## Records excerpted from a collection
__________
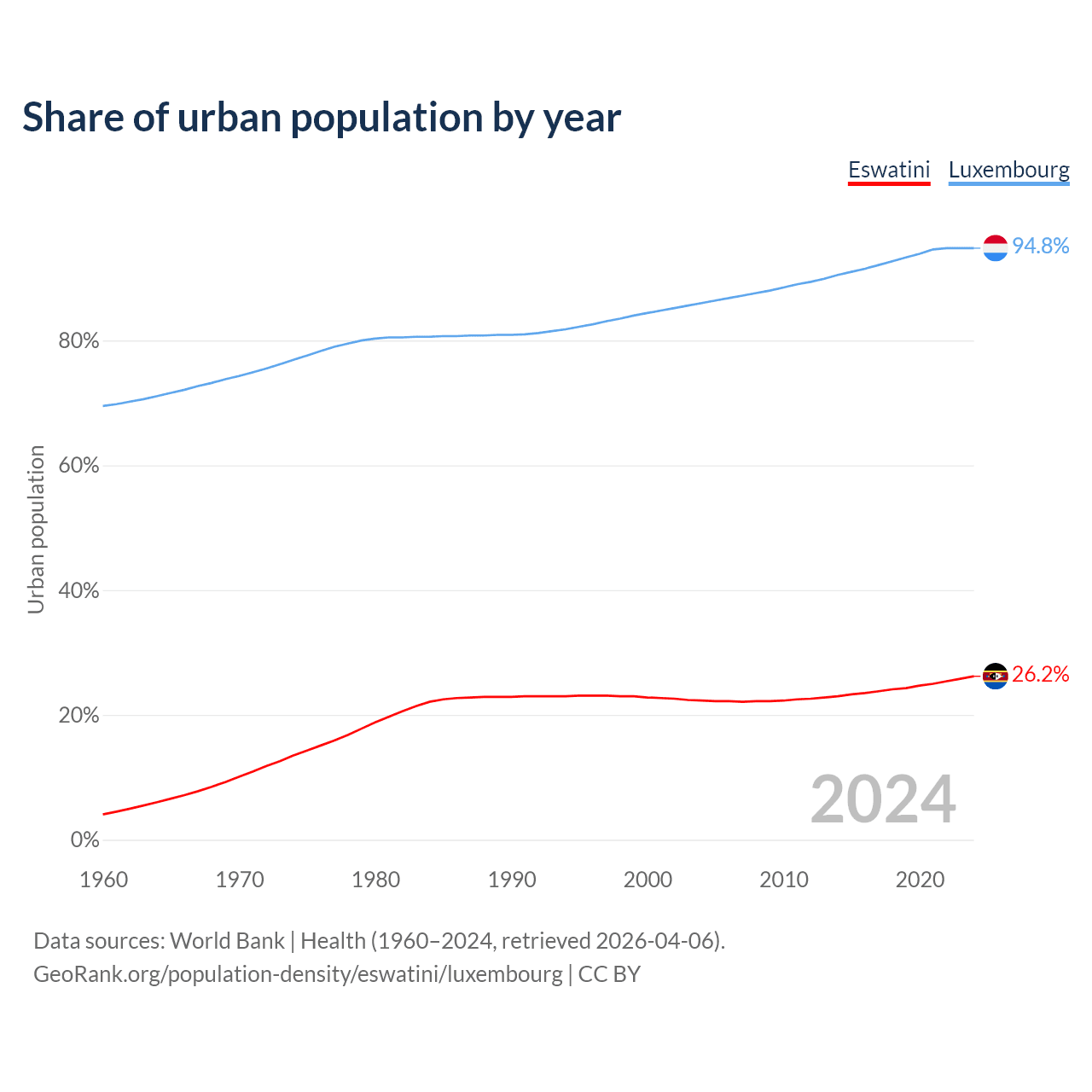 From 2004 to 2024, the share of urban population changed from 22.3% to 26.2% in Eswatini and from 86% to 94.8% in Luxembourg.
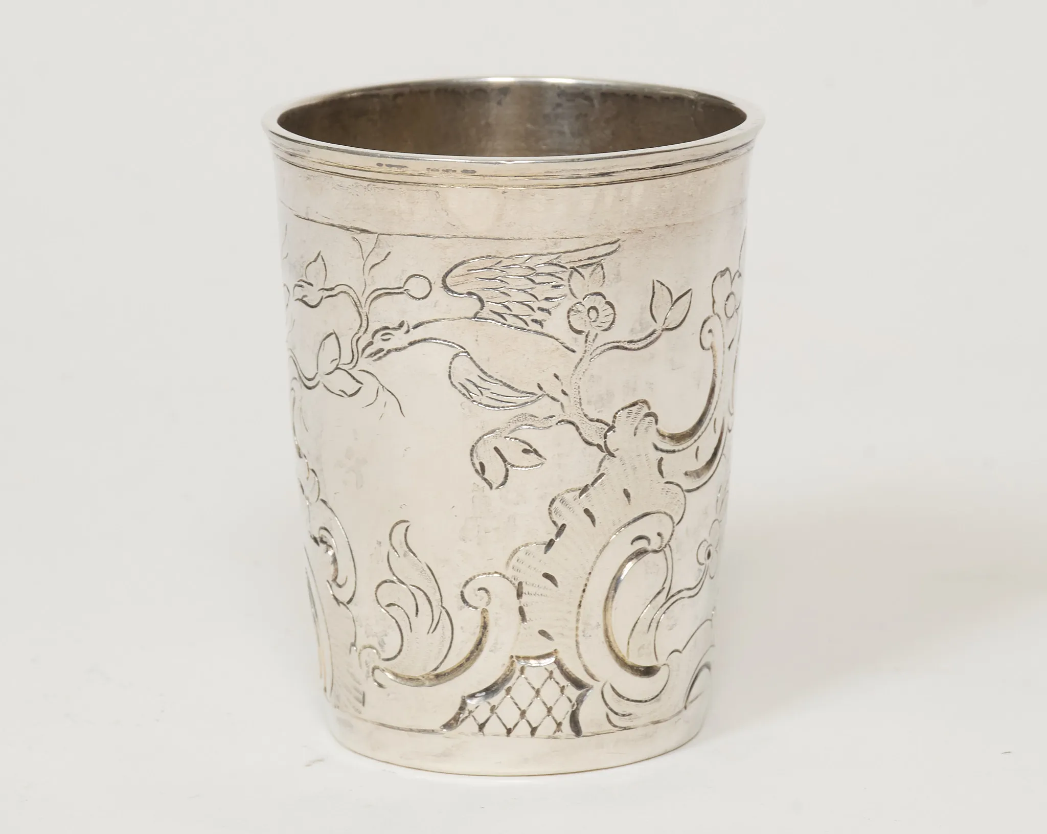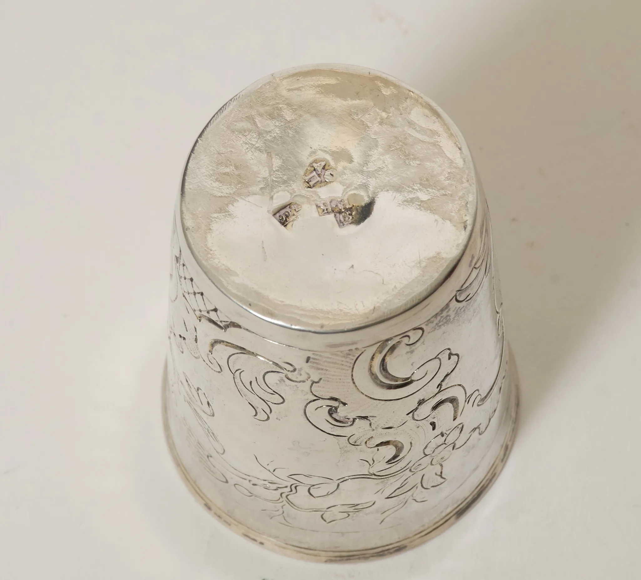 17/1800-tal. konisk form, graverad dekor, höjd 7 cm, vikt 61 gram, bruksslitage
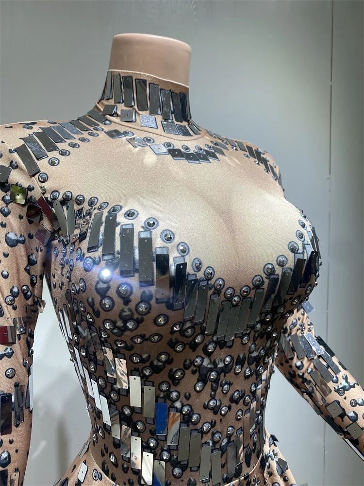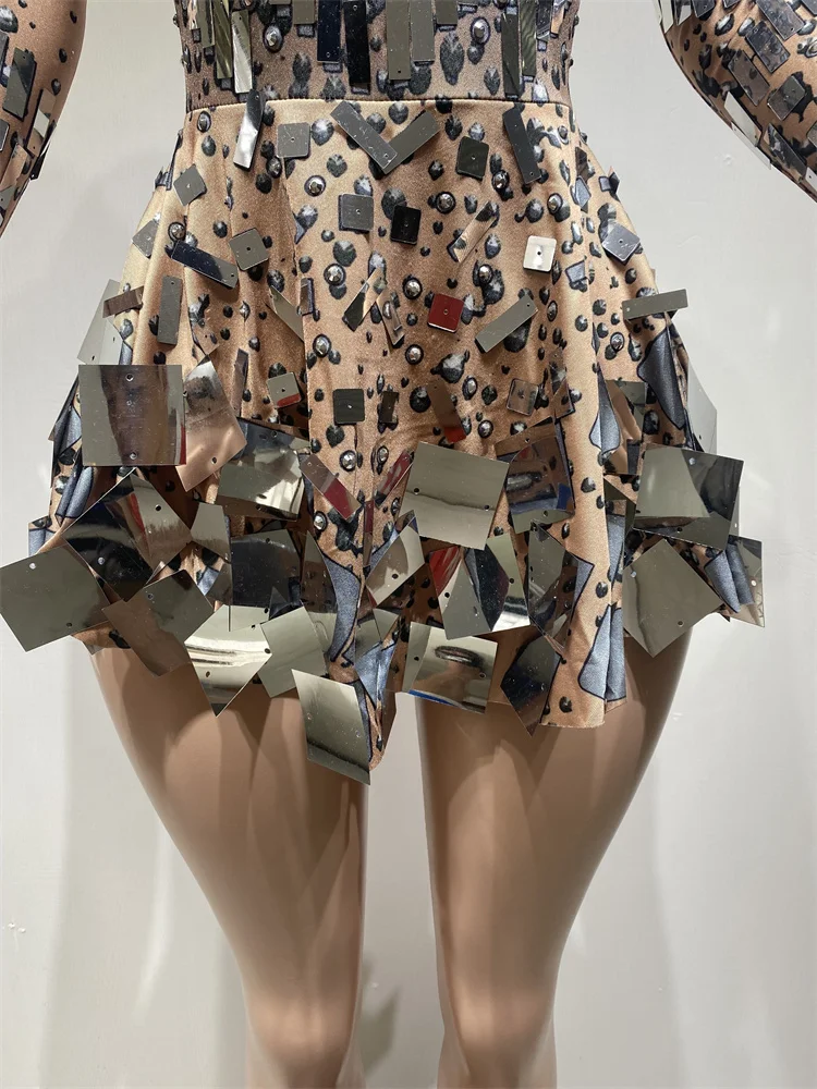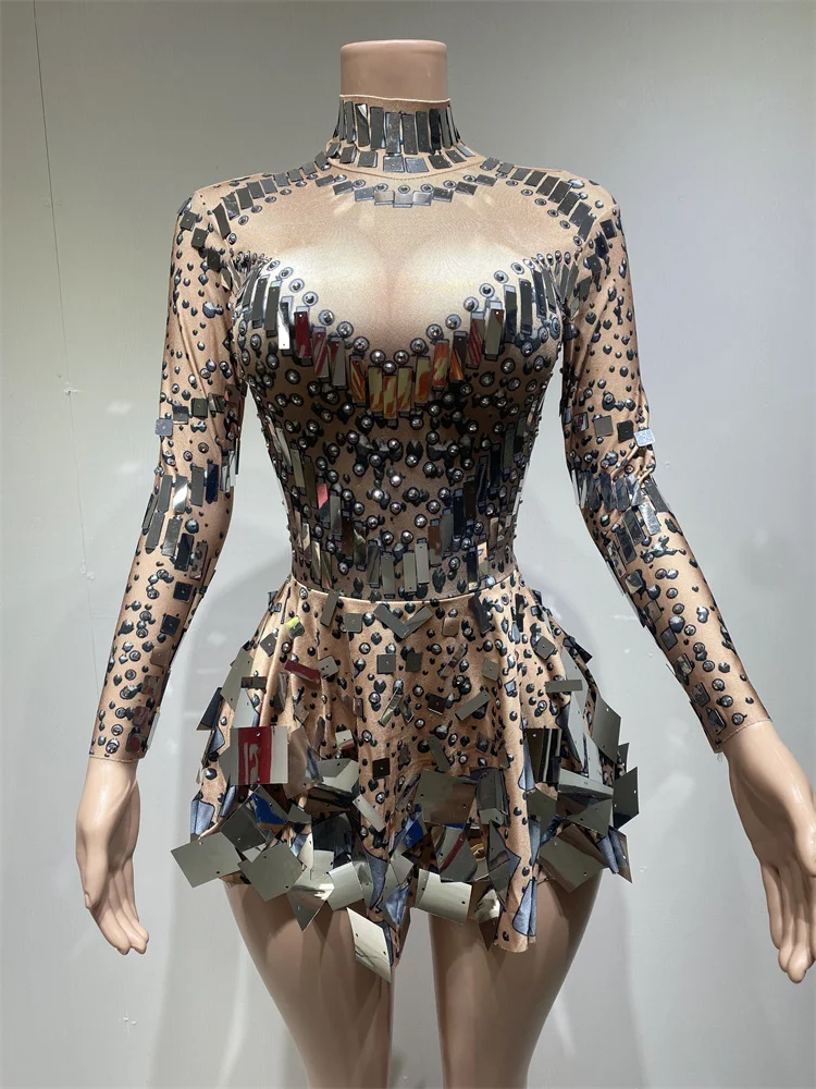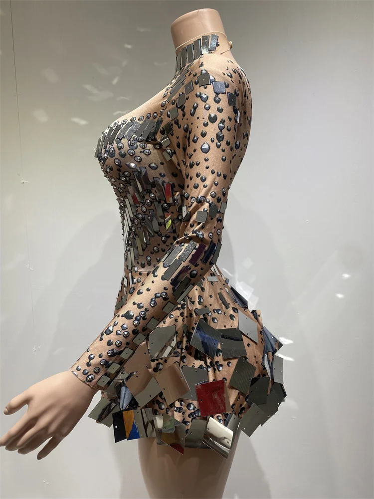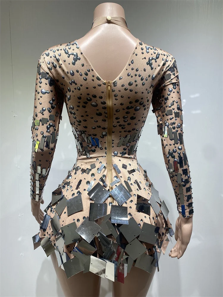 Handmade Sparkling Sequin Bling Dress Festival Long Sleeve Slimming Performance Wear Party Night Club Dress
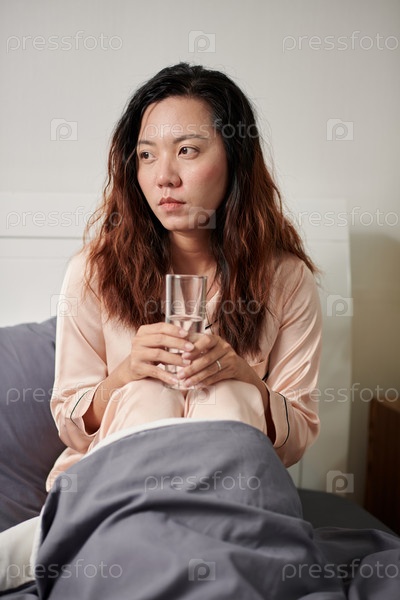 Женщина, пьющая воду в постели
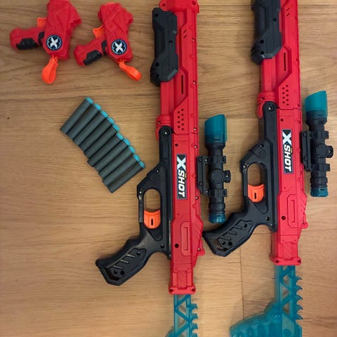 Säljer ett Laser X-set med västar och pistoler. Man sätter på västarna på bröstet och skjuter mot motståndaren tills livplattan slocknar. Pistolerna låter lite när man skjuter och blir träffad, vilket gör spelet extra kul och realistiskt. Laddas enkelt genom att skaka pistolen, och använder vanliga batterier som räcker länge. Perfekt för barn och ungdomar som gillar action och tävlingar.
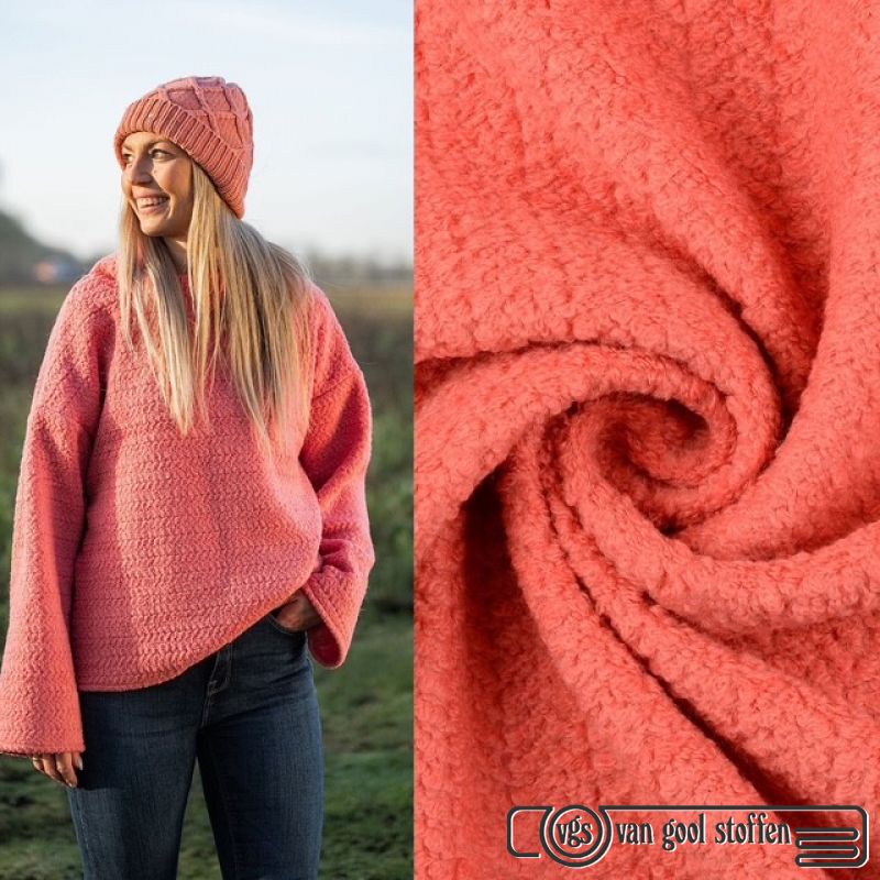 Exclusieve grof geweven mantelpak stof italiaans design beige ivory bordeaux
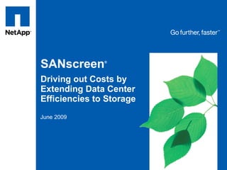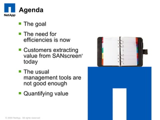 The document discusses driving efficiencies in data center storage through the use of SANscreen software. It notes that typical management tools lack visibility, capacity management, and integration needed to optimize storage. SANscreen provides real-time visibility across multi-vendor environments to help customers extract value through initiatives like capacity management, consolidation, tiering, and cost analysis. Customers report significant cost savings through findings from proof of concept deployments.
__________
Output each line above exactly as it stands, omitting the pictures.

 From 2004 to 2024, the share of urban population changed from 22.3% to 26.2% in Eswatini and from 86% to 94.8% in Luxembourg.
 17/1800-tal. konisk form, graverad dekor, höjd 7 cm, vikt 61 gram, bruksslitage
 Handmade Sparkling Sequin Bling Dress Festival Long Sleeve Slimming Performance Wear Party Night Club Dress
 Женщина, пьющая воду в постели
 Säljer ett Laser X-set med västar och pistoler. Man sätter på västarna på bröstet och skjuter mot motståndaren tills livplattan slocknar. Pistolerna låter lite när man skjuter och blir träffad, vilket gör spelet extra kul och realistiskt. Laddas enkelt genom att skaka pistolen, och använder vanliga batterier som räcker länge. Perfekt för barn och ungdomar som gillar action och tävlingar.
 Exclusieve grof geweven mantelpak stof italiaans design beige ivory bordeaux
 The document discusses driving efficiencies in data center storage through the use of SANscreen software. It notes that typical management tools lack visibility, capacity management, and integration needed to optimize storage. SANscreen provides real-time visibility across multi-vendor environments to help customers extract value through initiatives like capacity management, consolidation, tiering, and cost analysis. Customers report significant cost savings through findings from proof of concept deployments.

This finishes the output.